Литмир - Электронная Библиотека

– По диким степям Забайкалья,

Где золото роют в горах,

Бродяга судьбу проклиная,

Тащился с сумой на плечах…

Ирина лежала у себя в комнатке, на диване, в трико и пыталась читать какую-то книгу. Но сосредоточиться и вникнуть в суть написанного она не могла. Может быть, музыка дедова мешала, а может… и думы её, уже не совсем детские, не давали покоя. Она встала с дивана, села за стол, придвинула к себе портрет матери – и слёзы полились из её глаз. Их, конечно же, не видели ни дед, ни молодой участковый.

Время за чаркой, разговорами и песнями идёт довольно быстро. Скоро на улице совсем стемнело. Редкие прохожие да собаки. Безлюдно.
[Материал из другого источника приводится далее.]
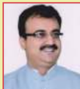
Shri Mangal Pandey

The E-Resource Centre for Tobacco Control (ERCTC), an initiative by Post Graduate Institute of Medical Education & Research (PGIMER) Chandigarh provides all relevant information related to tobacco control under one roof. The E-RCTC showcases a repository of latest orders, circulars, notifications & many others that are being released from time to time both by the state and central governments to curb the tobacco menace. The E-RCTC would also help counter the misleading facts on tobacco control which exist on various web engines.
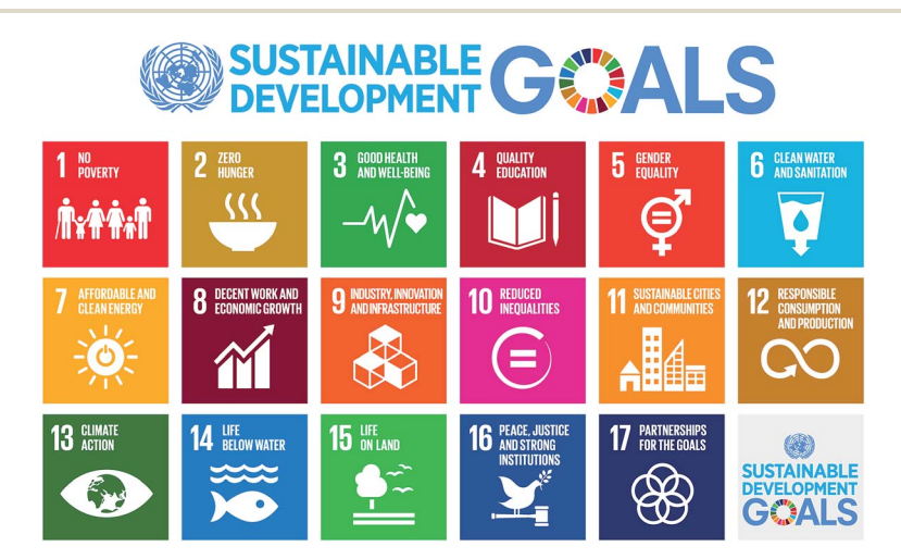
Fig. 1 The 17 SDGs of the UN, aimed at ending poverty, protecting the planet, and ensuring prosperity for all as part of the sustainable development agenda. Each goal has specific targets to be achieved over the period 2015–2030 (http://www.un.org/ sustainabledevelopment/sustainable-development-goals/). An 18<sup>th</sup> SDG aimed at clean air should be added.

It is proposed here to adopt an additional SDG on "clean air", at the same level as good health, clean water, sustainable industrialization and cities, responsible production, climate action, marine and terrestrial life (SDGs 3, 6, 9, 11, 12, 13, 14, 15, respectively), not only because ambient air pollution is the leading environmental risk factor of the global burden of disease,<sup>8</sup> but also because many other SDGs cannot be achieved without considering air quality. The next Section 2 focusses on results from the Faraday Discussion meeting Atmospheric chemistry in the Anthropocene , held in York, UK, from 22–24 May 2017, which presented scientific results that underpin this statement. Section 3 presents an update of the
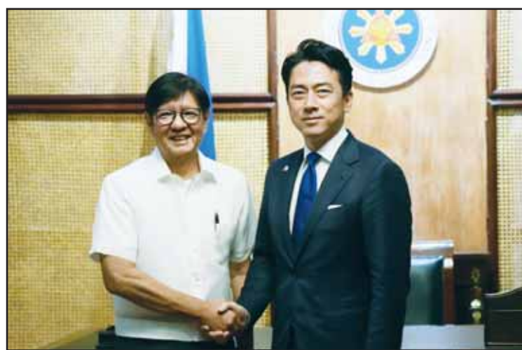
Philippine President Ferdinand Marcos Jr (left), greets Japan's Defense Minister Shinjiro Koizumi at the Malacanang presidential palace in Manila, Philippines on May 5.

Japan has bolstered its offensive capability with long-range missiles to attack enemy targets from a dis-
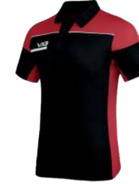
Black/Red/White Adult: PUSP04

Брёл к себе домой подвыпивший участковый уполномоченный Георгий Свиридович Фролов и не пел, а бормотал, произносил слова известной, многоуважаемой и народной, песни и получалось, почти, в стиле рэп:

– Бродяга к Байкалу подходит,

Рыбацкую лодку берёт.

Мотор подвесной он заводит,

Бродяга почти, что не пьёт…

Шапка у него сбилась на бок. Даже собакам интересно было посмотреть на человека в форме, в таком… особом состоянии. Потому они его и сопровождали до самого дома.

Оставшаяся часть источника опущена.